• **Data records**
'''

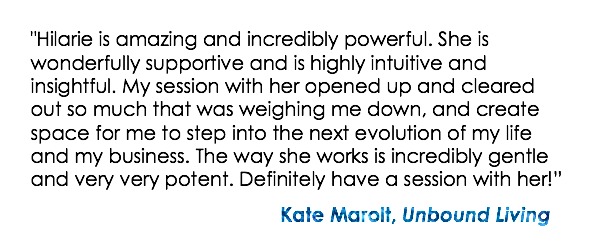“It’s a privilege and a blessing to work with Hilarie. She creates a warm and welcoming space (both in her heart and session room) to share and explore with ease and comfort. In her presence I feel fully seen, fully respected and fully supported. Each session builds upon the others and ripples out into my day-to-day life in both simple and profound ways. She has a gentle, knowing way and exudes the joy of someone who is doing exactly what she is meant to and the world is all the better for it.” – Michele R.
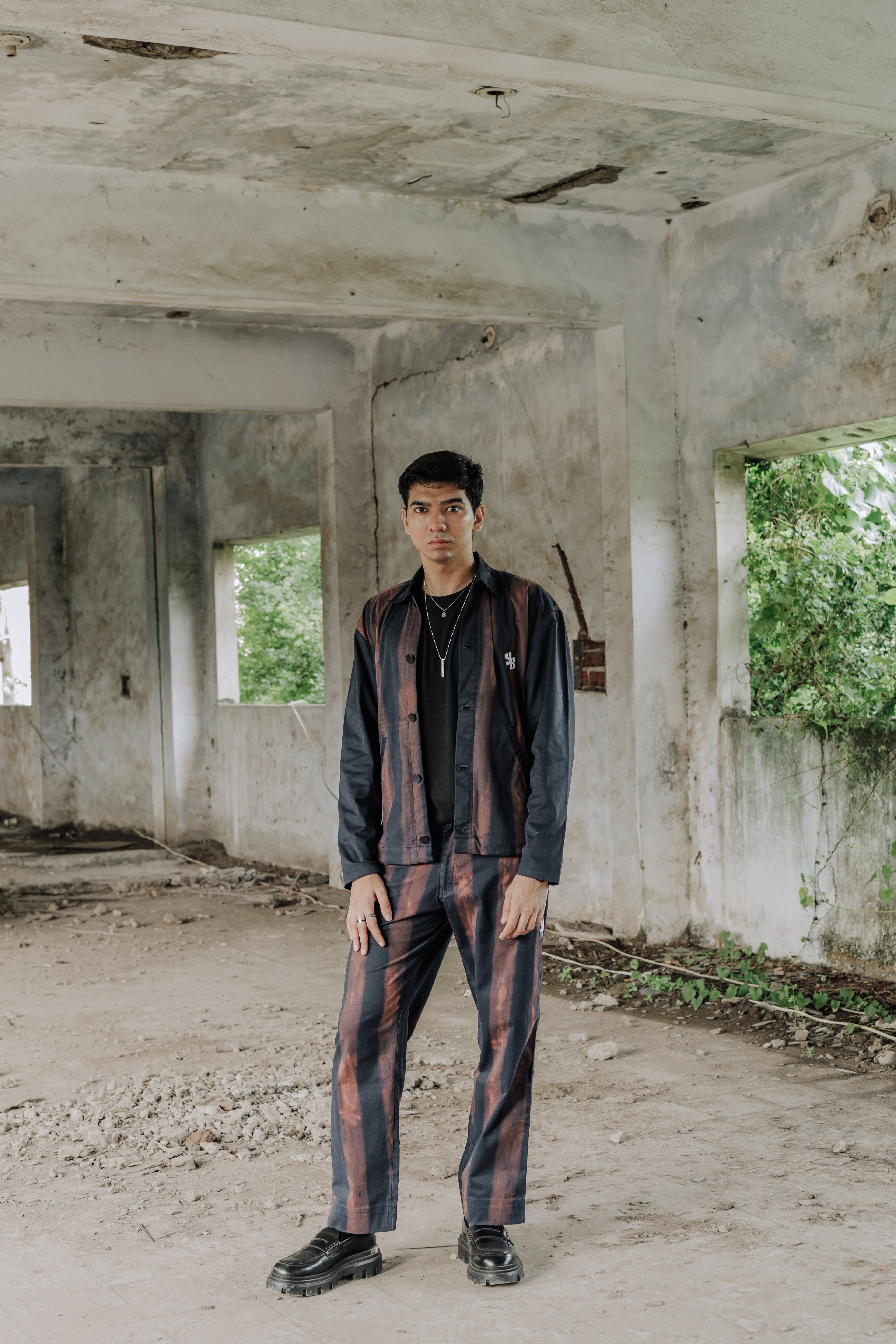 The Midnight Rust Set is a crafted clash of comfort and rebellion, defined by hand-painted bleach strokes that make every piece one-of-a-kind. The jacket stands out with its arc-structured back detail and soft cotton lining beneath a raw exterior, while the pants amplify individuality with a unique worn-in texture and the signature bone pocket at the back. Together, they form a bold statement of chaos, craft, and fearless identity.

'''
'''

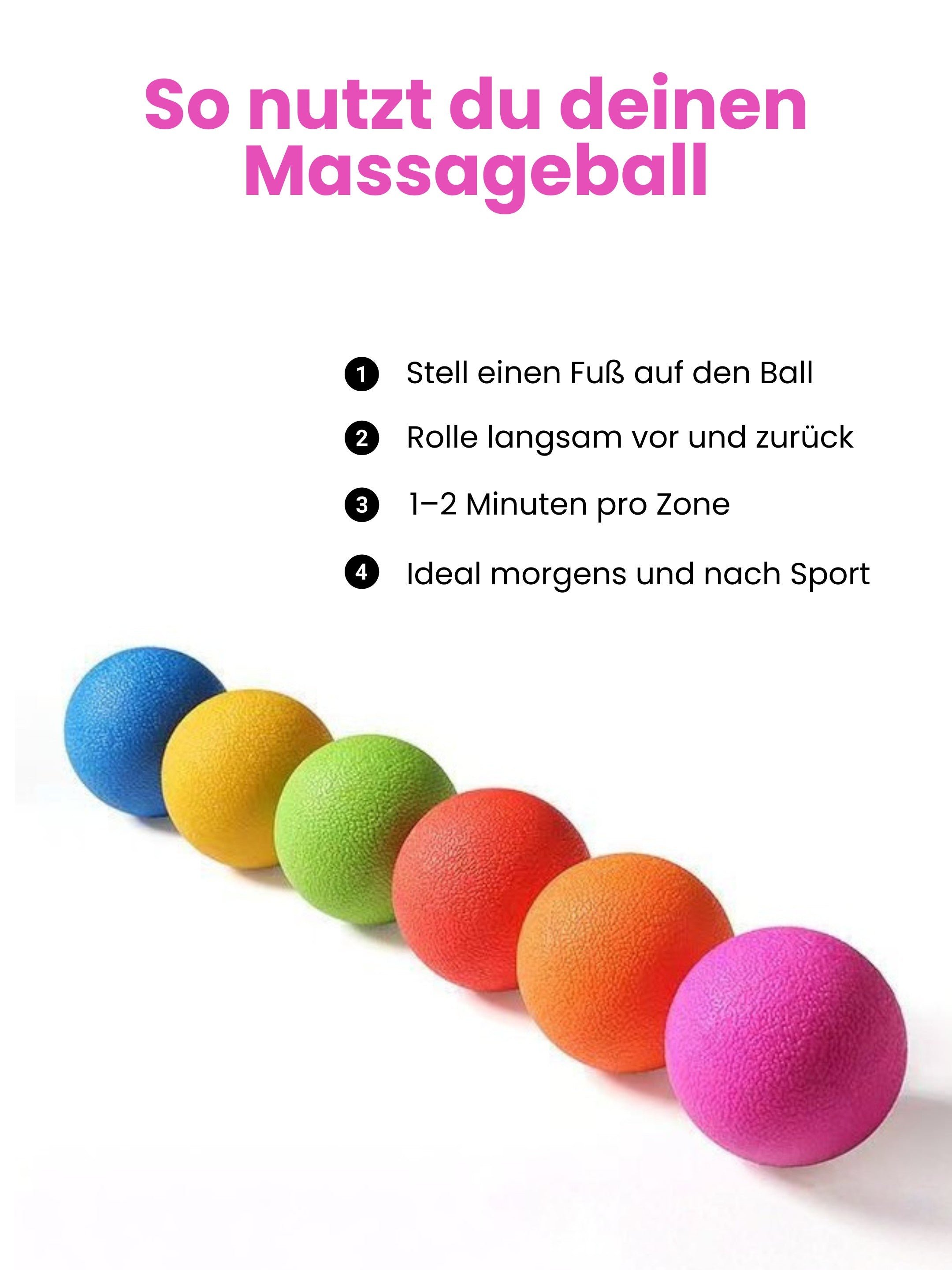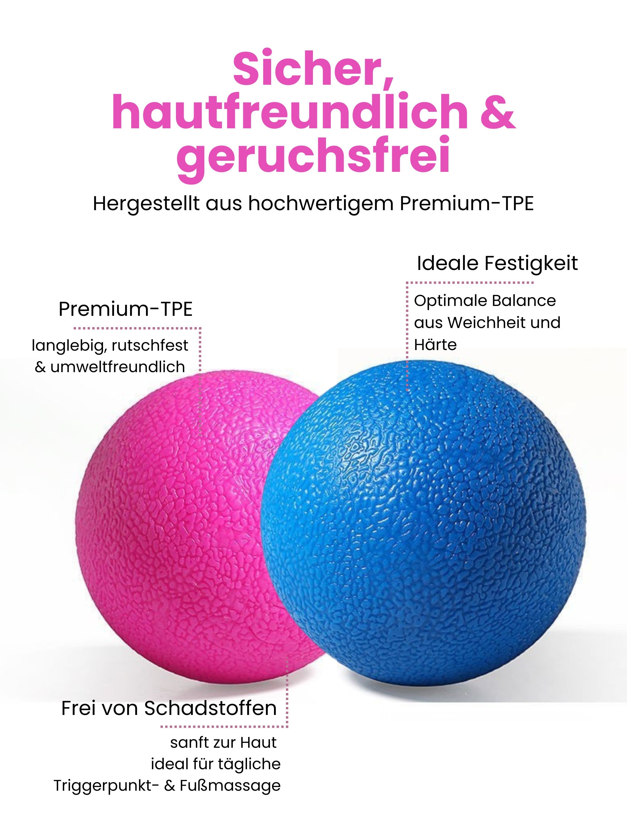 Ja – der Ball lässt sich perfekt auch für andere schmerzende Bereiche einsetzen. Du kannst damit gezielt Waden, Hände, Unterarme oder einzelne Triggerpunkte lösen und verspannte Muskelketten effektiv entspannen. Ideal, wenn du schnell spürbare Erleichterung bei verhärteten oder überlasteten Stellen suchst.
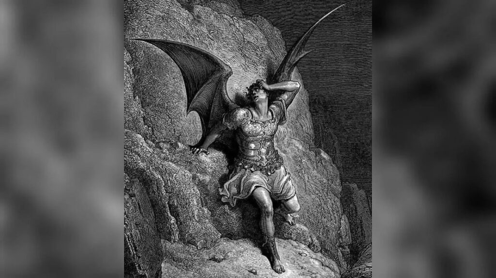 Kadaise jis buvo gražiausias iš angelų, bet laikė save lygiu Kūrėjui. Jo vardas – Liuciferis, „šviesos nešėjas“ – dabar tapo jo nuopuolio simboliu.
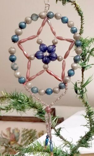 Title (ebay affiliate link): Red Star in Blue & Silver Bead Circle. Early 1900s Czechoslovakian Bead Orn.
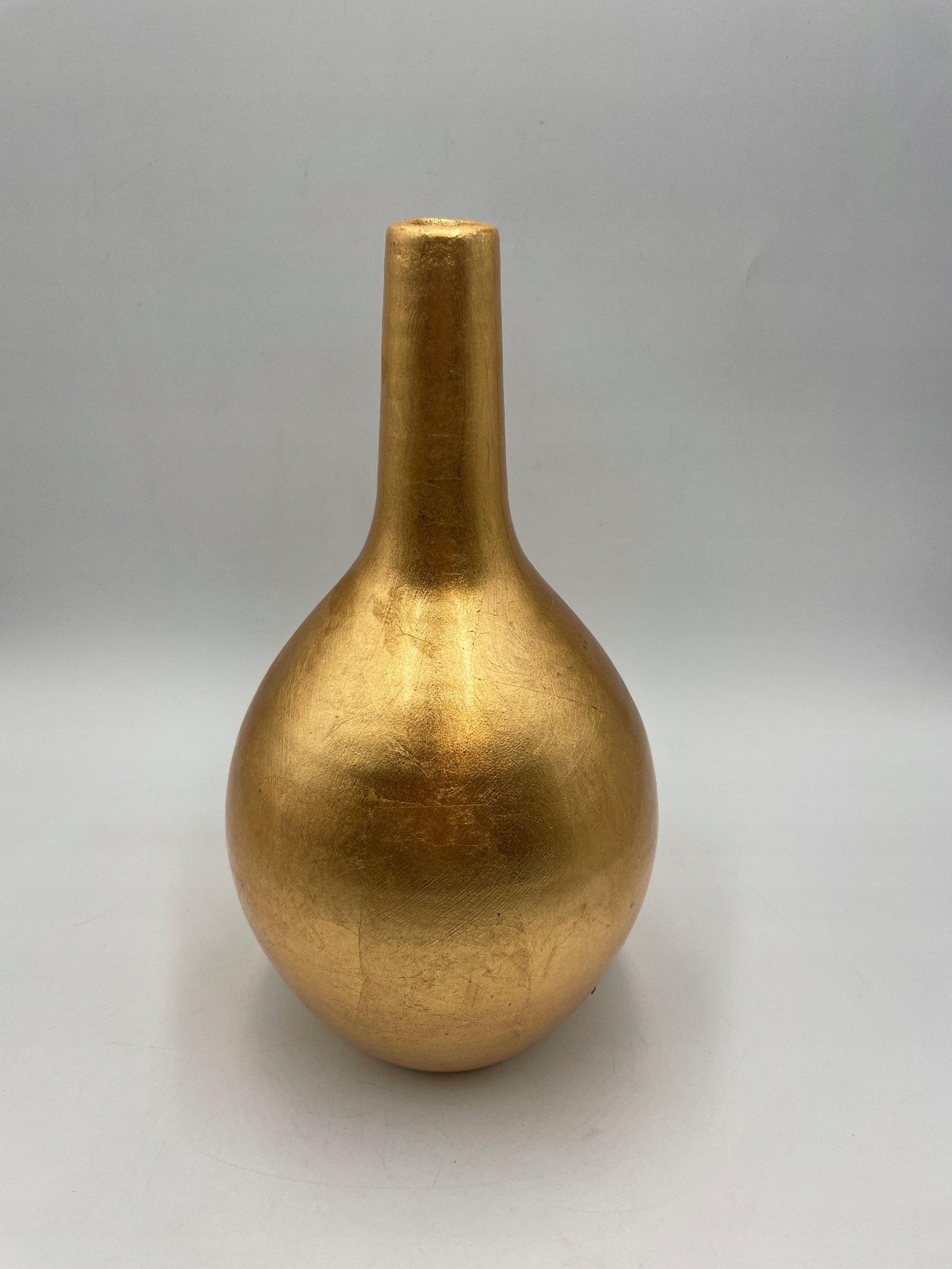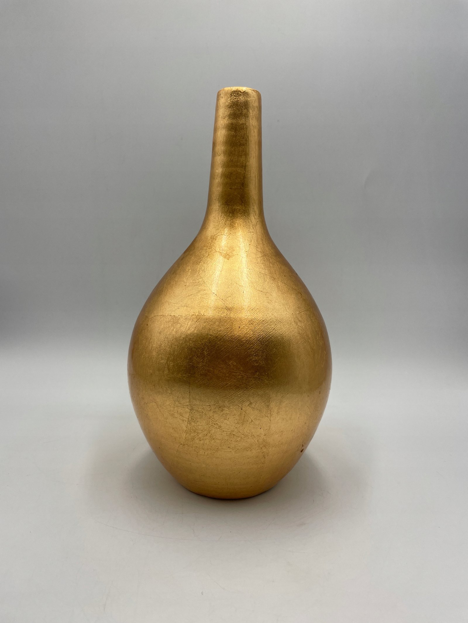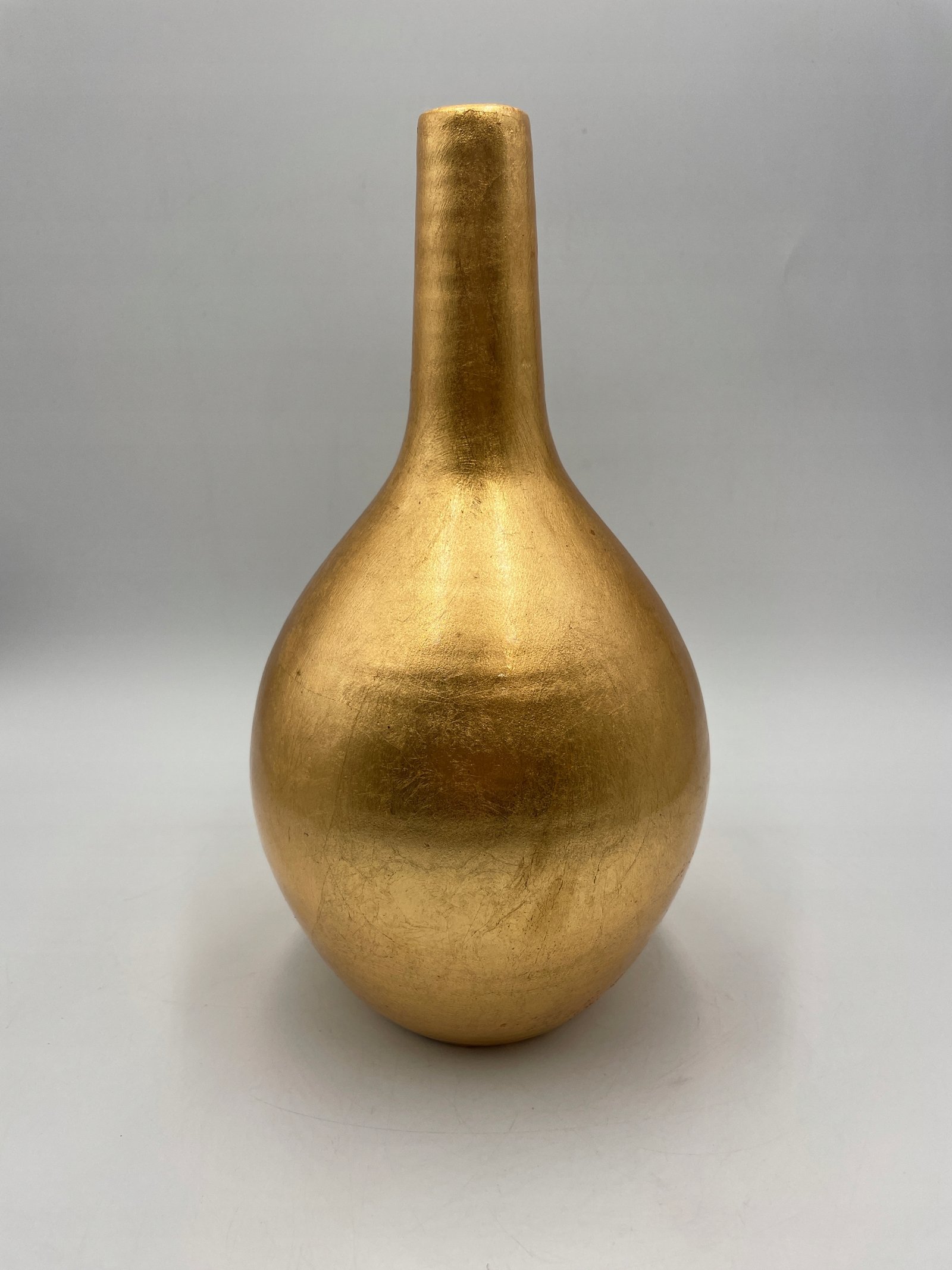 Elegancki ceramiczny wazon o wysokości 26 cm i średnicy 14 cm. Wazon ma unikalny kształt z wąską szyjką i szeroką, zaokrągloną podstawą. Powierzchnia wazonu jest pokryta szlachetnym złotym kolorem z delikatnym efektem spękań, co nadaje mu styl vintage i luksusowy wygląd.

'''
'''

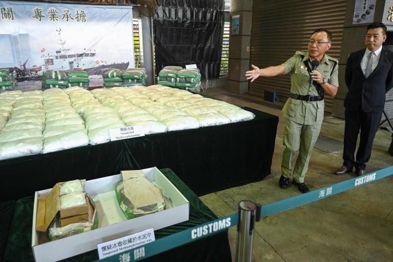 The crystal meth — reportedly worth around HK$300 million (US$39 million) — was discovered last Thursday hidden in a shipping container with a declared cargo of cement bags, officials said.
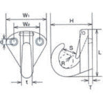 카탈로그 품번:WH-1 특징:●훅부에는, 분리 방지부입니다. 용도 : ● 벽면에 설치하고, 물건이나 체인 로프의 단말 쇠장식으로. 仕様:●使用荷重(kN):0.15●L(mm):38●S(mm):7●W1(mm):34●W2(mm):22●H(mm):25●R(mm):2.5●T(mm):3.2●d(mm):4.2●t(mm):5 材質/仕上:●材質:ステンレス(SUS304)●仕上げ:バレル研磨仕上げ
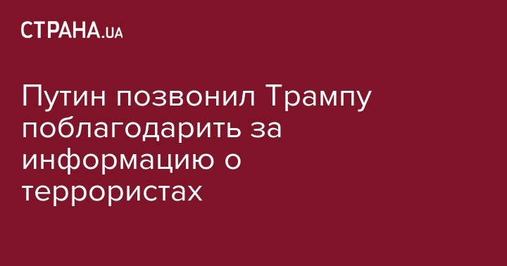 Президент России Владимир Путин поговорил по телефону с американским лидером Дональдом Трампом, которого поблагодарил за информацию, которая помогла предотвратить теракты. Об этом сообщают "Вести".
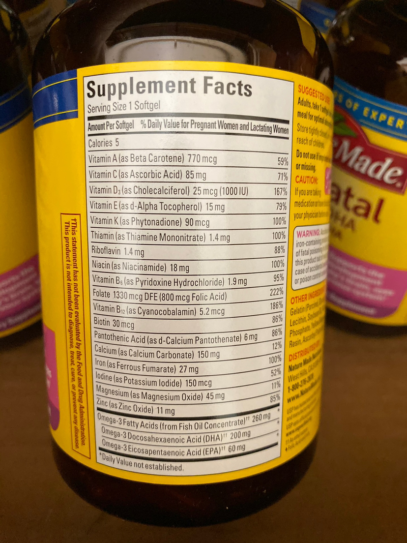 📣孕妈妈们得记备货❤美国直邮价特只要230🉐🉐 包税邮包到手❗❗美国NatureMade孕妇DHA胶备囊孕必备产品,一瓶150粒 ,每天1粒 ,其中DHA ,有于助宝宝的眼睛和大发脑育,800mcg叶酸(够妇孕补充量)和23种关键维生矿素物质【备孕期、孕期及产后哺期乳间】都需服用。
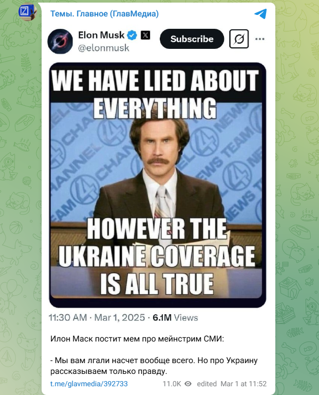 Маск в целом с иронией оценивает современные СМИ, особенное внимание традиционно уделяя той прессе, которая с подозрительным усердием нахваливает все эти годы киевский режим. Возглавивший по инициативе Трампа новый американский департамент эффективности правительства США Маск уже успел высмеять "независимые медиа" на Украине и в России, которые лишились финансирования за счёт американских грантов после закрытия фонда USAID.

'''

The stretch to restate runs from the line above containing "Kadaise jis buvo" through the line containing "Elegancki ceramiczny wazon". Copy it word for word, ends included, without pictures.

 Kadaise jis buvo gražiausias iš angelų, bet laikė save lygiu Kūrėjui. Jo vardas – Liuciferis, „šviesos nešėjas“ – dabar tapo jo nuopuolio simboliu.
 Title (ebay affiliate link): Red Star in Blue & Silver Bead Circle. Early 1900s Czechoslovakian Bead Orn.
 Elegancki ceramiczny wazon o wysokości 26 cm i średnicy 14 cm. Wazon ma unikalny kształt z wąską szyjką i szeroką, zaokrągloną podstawą. Powierzchnia wazonu jest pokryta szlachetnym złotym kolorem z delikatnym efektem spękań, co nadaje mu styl vintage i luksusowy wygląd.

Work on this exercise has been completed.